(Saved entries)
________________

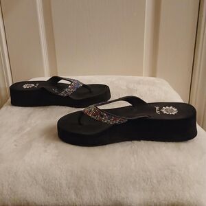 Yellow Box Scalia Y2K-inspired black platform flip flop sandals with multi-colored rhinestone straps and wedge heel in size 7.
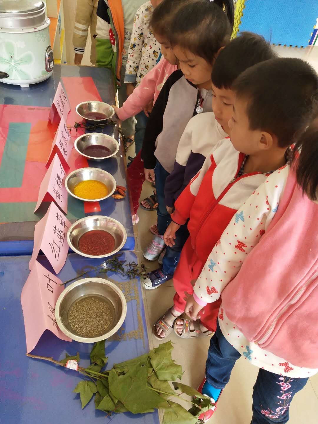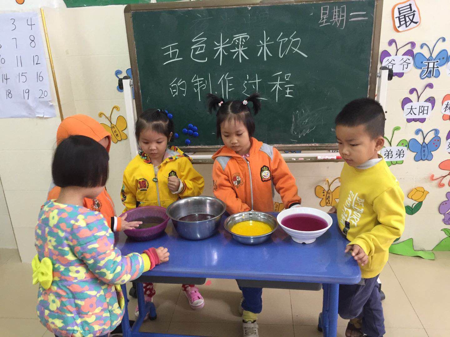 ? ? 一、教师们在课余时间用红兰草、黄饭花、枫叶、紫蕃藤这些植物的汁浸泡糯米,做成红、黄、黑、紫、白五色糯米饭。
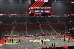 赛前,开拓者跟队中文记者Victor Sun分享开拓者主场地板,并写道:“NBA杯遇上万圣节。”
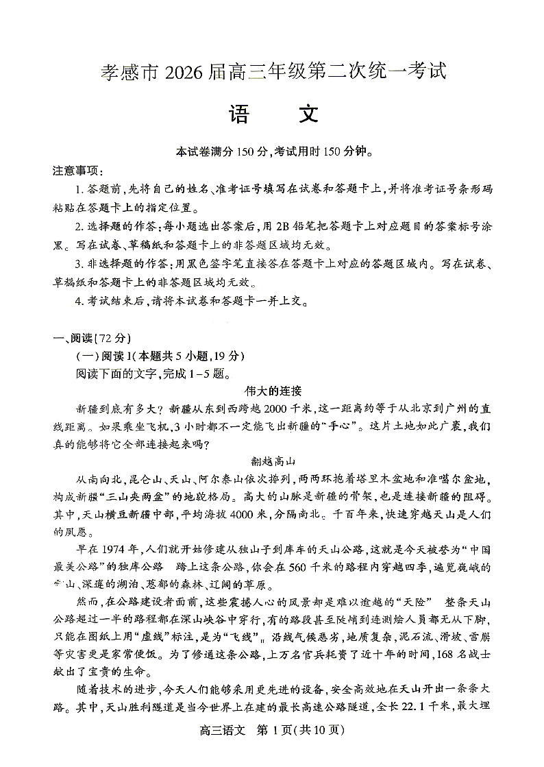 高三语文--湖北省孝感市2026届高三下学期第二次统一考试(孝感二模)
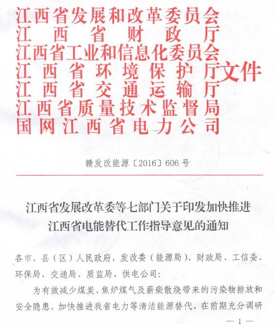 从江西省发改委获悉,江西省发展改革委等七部门关于印发加快推进江西省电能替代工作指导意见的通知已经下发。意见中明确指出,加强工业领域大气污染综合治理,逐步淘汰分散燃煤锅炉。到2017年,除必要保留的以外,各设区市城区范围内基本淘汰10蒸吨/小时及以下的燃煤锅炉,禁止新建20蒸吨/小时以下的燃煤锅炉;其他地区原则上不再新建10蒸吨/小时及以下的燃煤锅炉。具体内容如下:
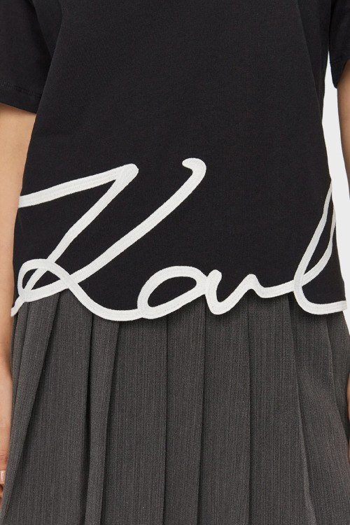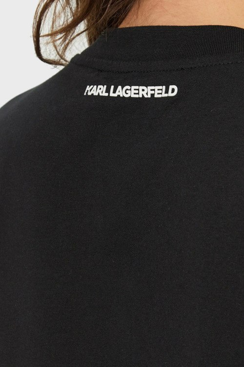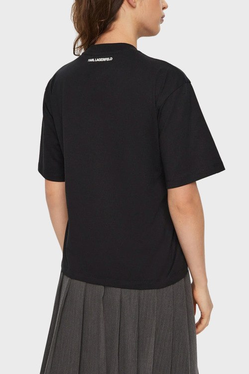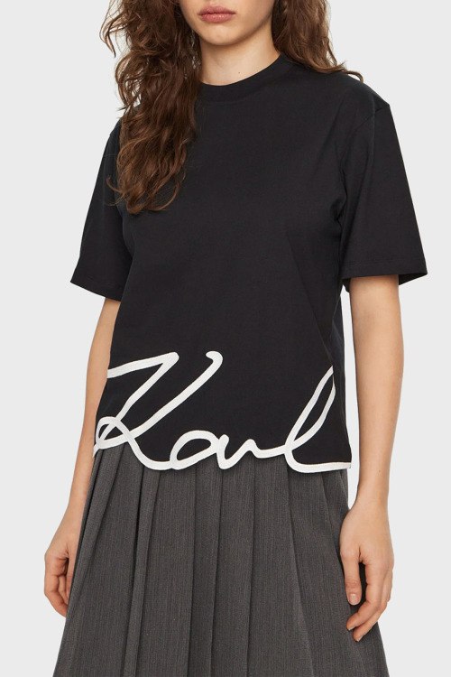 Детали: Женская черная футболка K/Signature из органического хлопка от Karl Lagerfeld (Карл Лагерфельд). Круглый вырез горловины, короткие рукава, принт с логотипом бренда

________________

### Task goal
What you return should match the records line for line, minus the pictures.

### Result for this exercise
 Yellow Box Scalia Y2K-inspired black platform flip flop sandals with multi-colored rhinestone straps and wedge heel in size 7.
 ? ? 一、教师们在课余时间用红兰草、黄饭花、枫叶、紫蕃藤这些植物的汁浸泡糯米,做成红、黄、黑、紫、白五色糯米饭。
 赛前,开拓者跟队中文记者Victor Sun分享开拓者主场地板,并写道:“NBA杯遇上万圣节。”
 高三语文--湖北省孝感市2026届高三下学期第二次统一考试(孝感二模)
 从江西省发改委获悉,江西省发展改革委等七部门关于印发加快推进江西省电能替代工作指导意见的通知已经下发。意见中明确指出,加强工业领域大气污染综合治理,逐步淘汰分散燃煤锅炉。到2017年,除必要保留的以外,各设区市城区范围内基本淘汰10蒸吨/小时及以下的燃煤锅炉,禁止新建20蒸吨/小时以下的燃煤锅炉;其他地区原则上不再新建10蒸吨/小时及以下的燃煤锅炉。具体内容如下:
 Детали: Женская черная футболка K/Signature из органического хлопка от Karl Lagerfeld (Карл Лагерфельд). Круглый вырез горловины, короткие рукава, принт с логотипом бренда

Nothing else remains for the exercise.